◆ Input material:
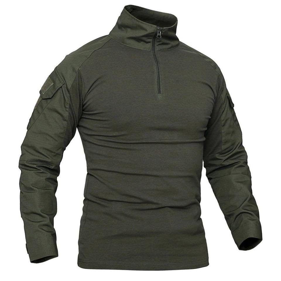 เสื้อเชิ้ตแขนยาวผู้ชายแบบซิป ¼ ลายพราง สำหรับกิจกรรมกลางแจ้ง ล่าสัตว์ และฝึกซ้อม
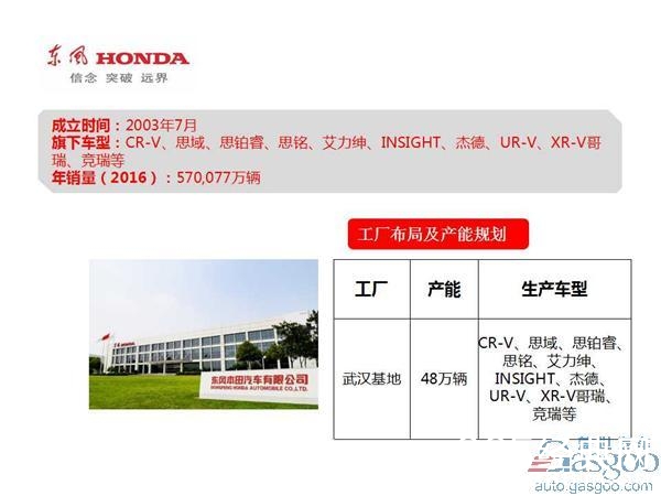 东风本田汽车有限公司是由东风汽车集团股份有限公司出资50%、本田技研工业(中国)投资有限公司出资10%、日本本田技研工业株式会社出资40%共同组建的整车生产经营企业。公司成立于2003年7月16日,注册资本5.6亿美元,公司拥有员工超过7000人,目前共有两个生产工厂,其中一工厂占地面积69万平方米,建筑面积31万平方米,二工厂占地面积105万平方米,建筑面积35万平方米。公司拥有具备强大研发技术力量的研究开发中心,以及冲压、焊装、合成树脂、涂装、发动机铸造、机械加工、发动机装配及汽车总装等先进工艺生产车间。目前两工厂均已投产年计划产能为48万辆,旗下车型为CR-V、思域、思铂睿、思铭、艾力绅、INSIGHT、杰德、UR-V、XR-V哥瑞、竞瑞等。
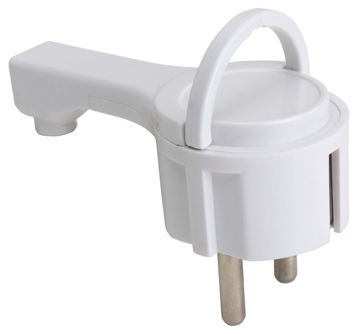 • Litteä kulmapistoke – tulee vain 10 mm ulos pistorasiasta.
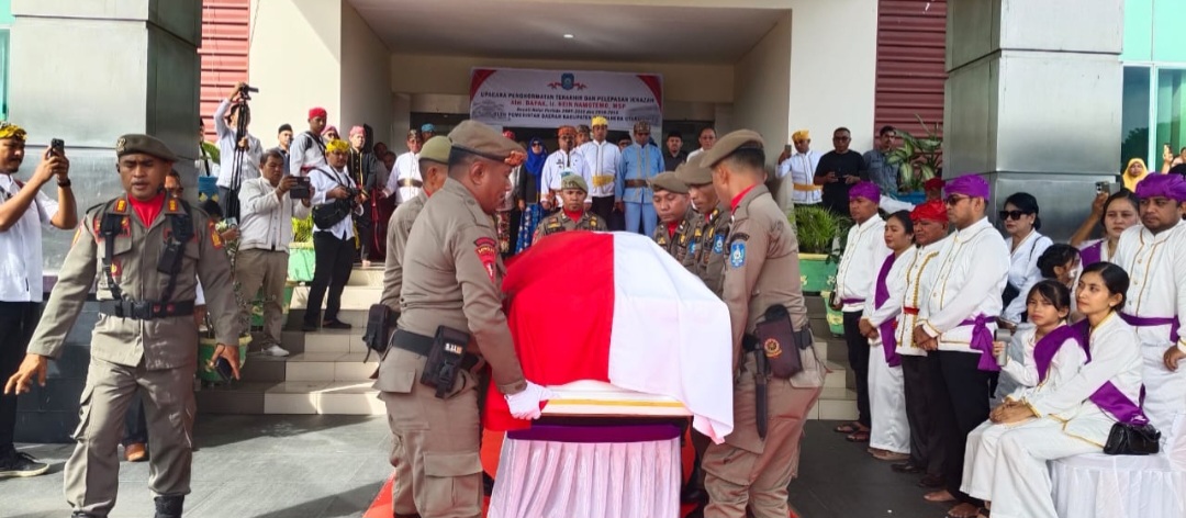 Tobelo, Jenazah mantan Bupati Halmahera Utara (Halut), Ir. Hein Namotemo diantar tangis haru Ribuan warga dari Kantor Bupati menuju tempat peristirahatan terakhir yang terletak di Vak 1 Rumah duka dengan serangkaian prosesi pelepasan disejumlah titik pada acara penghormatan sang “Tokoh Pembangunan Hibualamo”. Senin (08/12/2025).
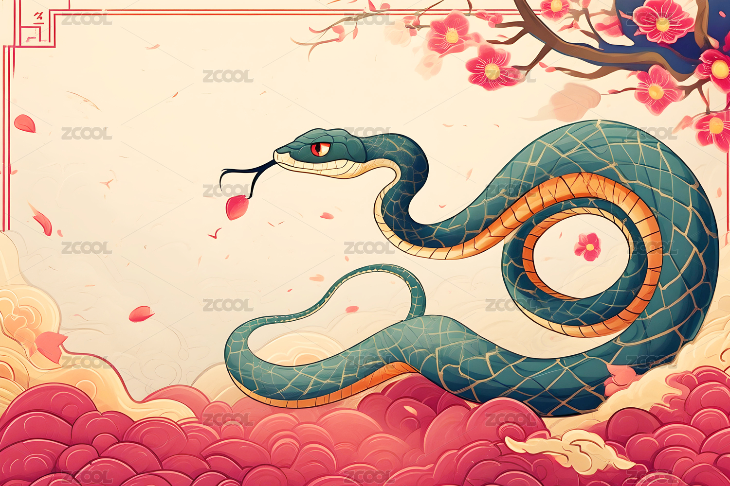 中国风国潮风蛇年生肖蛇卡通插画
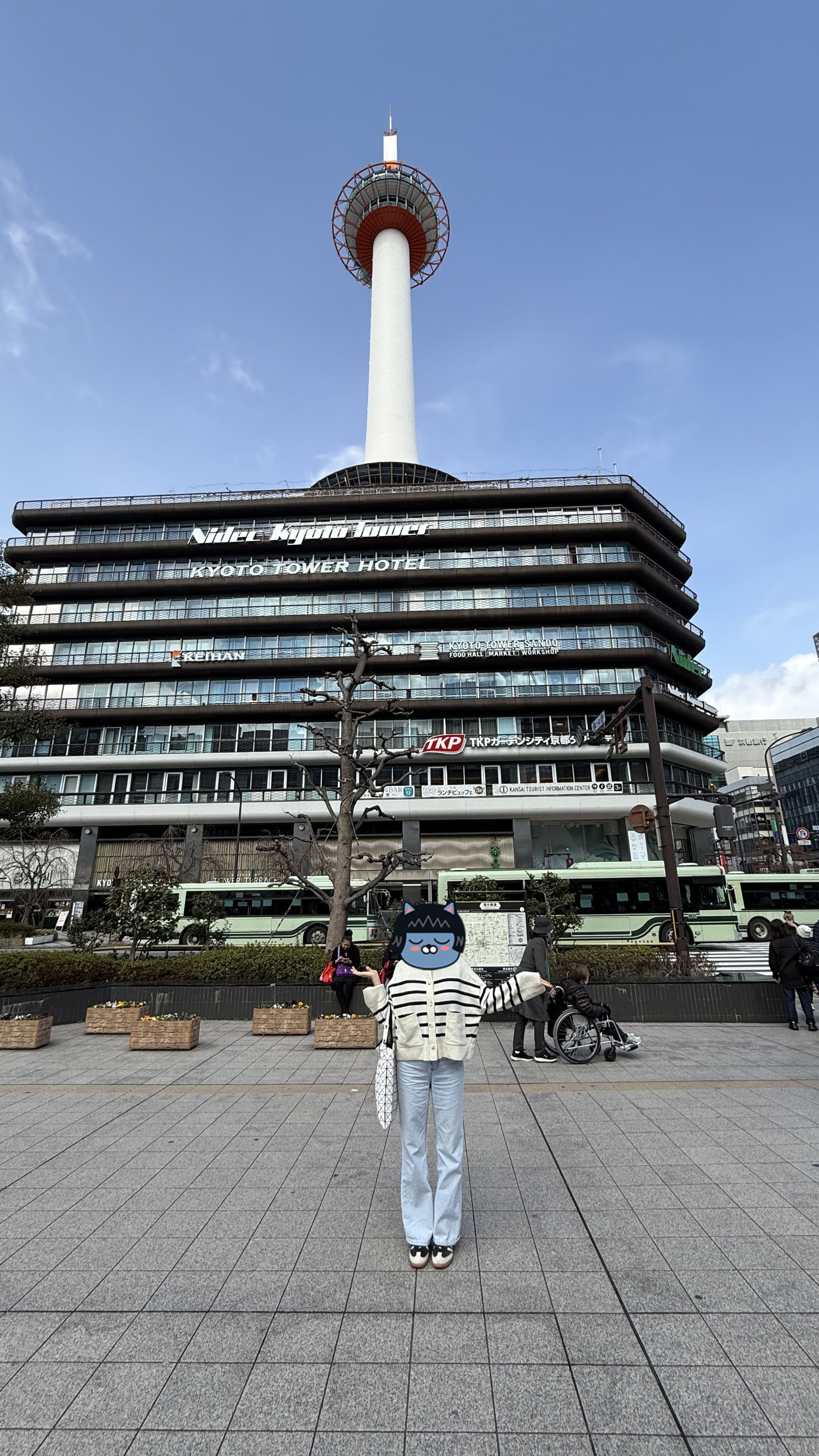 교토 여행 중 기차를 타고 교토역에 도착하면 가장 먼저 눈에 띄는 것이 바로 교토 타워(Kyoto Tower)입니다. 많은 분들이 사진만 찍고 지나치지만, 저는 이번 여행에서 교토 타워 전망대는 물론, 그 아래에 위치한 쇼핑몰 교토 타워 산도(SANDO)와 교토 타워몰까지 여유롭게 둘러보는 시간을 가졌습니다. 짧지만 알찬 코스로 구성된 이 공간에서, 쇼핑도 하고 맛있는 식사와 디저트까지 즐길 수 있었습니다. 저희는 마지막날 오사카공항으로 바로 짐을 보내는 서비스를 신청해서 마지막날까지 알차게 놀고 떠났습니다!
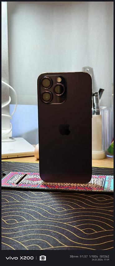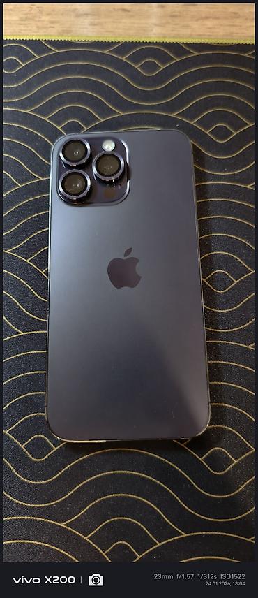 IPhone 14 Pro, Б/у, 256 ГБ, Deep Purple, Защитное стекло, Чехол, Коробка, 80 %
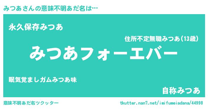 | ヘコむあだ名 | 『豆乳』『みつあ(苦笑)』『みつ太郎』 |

--

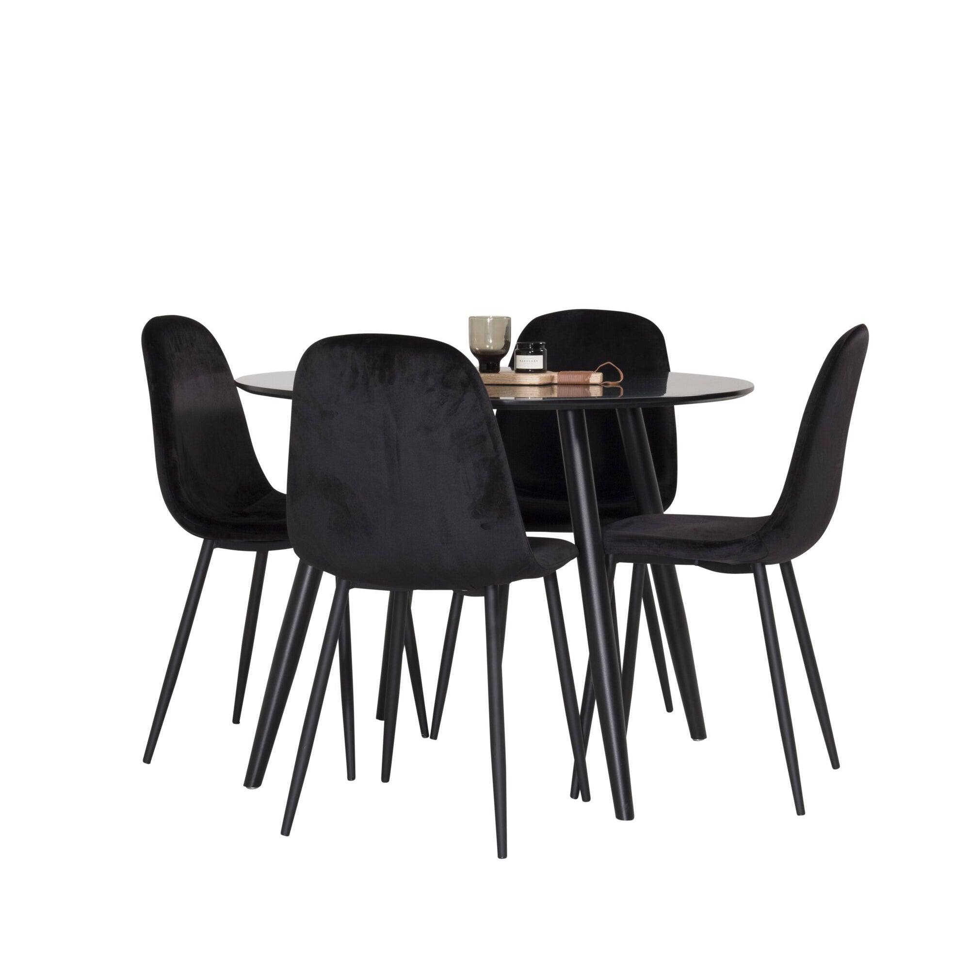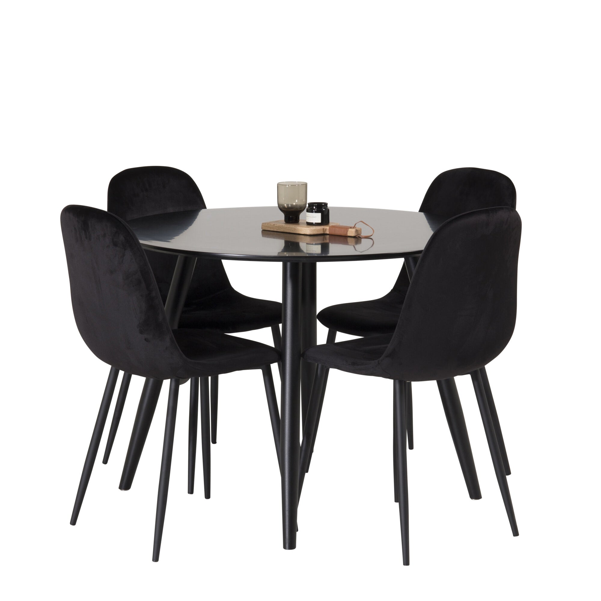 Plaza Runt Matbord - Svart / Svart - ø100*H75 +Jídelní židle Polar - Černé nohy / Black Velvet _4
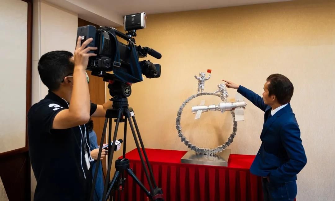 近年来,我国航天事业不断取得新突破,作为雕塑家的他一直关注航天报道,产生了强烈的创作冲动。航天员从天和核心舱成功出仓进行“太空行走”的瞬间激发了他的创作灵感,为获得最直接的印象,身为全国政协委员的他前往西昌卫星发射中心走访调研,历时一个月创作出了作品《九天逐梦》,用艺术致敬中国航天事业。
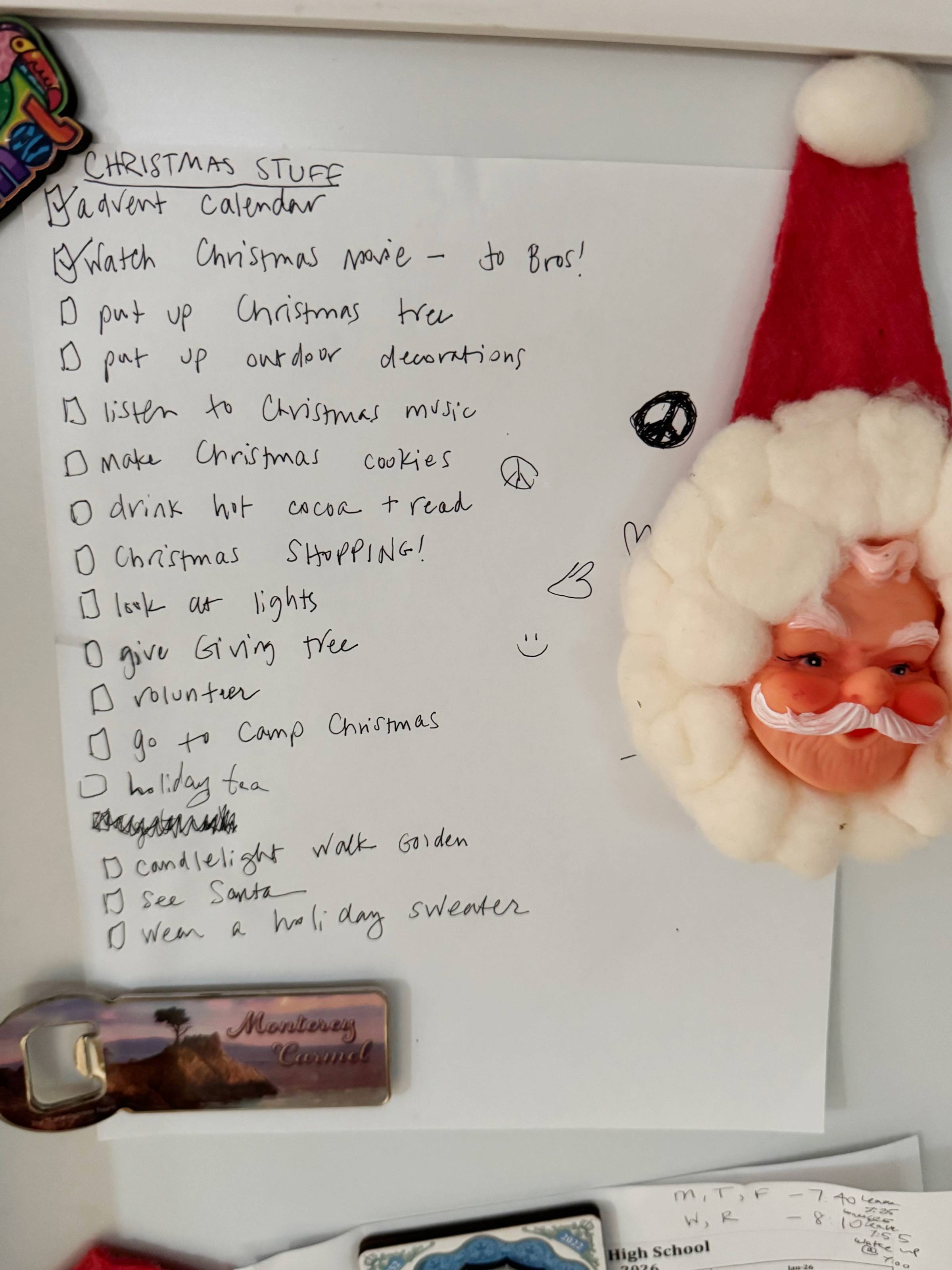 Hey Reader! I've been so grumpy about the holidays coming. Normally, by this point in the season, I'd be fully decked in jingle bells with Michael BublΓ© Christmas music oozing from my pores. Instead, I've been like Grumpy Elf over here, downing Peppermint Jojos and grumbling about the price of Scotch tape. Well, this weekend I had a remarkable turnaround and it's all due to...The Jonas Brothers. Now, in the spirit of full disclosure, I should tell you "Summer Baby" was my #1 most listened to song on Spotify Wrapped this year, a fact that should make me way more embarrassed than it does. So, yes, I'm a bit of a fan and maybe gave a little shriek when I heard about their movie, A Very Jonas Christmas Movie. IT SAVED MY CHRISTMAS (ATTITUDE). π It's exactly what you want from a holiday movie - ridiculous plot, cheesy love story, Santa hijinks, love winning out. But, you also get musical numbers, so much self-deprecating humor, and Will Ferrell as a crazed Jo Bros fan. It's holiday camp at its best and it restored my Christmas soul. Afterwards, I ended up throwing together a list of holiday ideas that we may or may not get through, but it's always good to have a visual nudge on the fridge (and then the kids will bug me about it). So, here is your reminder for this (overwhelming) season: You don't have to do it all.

◆ Work order:
What are the lines above from the one with "近年来,我国航天事业不断取得" to the one with "Hey Reader! I've", both included? Reproduce them exactly, without pictures.

◆ Finished task:
 近年来,我国航天事业不断取得新突破,作为雕塑家的他一直关注航天报道,产生了强烈的创作冲动。航天员从天和核心舱成功出仓进行“太空行走”的瞬间激发了他的创作灵感,为获得最直接的印象,身为全国政协委员的他前往西昌卫星发射中心走访调研,历时一个月创作出了作品《九天逐梦》,用艺术致敬中国航天事业。
 Hey Reader! I've been so grumpy about the holidays coming. Normally, by this point in the season, I'd be fully decked in jingle bells with Michael BublΓ© Christmas music oozing from my pores. Instead, I've been like Grumpy Elf over here, downing Peppermint Jojos and grumbling about the price of Scotch tape. Well, this weekend I had a remarkable turnaround and it's all due to...The Jonas Brothers. Now, in the spirit of full disclosure, I should tell you "Summer Baby" was my #1 most listened to song on Spotify Wrapped this year, a fact that should make me way more embarrassed than it does. So, yes, I'm a bit of a fan and maybe gave a little shriek when I heard about their movie, A Very Jonas Christmas Movie. IT SAVED MY CHRISTMAS (ATTITUDE). π It's exactly what you want from a holiday movie - ridiculous plot, cheesy love story, Santa hijinks, love winning out. But, you also get musical numbers, so much self-deprecating humor, and Will Ferrell as a crazed Jo Bros fan. It's holiday camp at its best and it restored my Christmas soul. Afterwards, I ended up throwing together a list of holiday ideas that we may or may not get through, but it's always good to have a visual nudge on the fridge (and then the kids will bug me about it). So, here is your reminder for this (overwhelming) season: You don't have to do it all.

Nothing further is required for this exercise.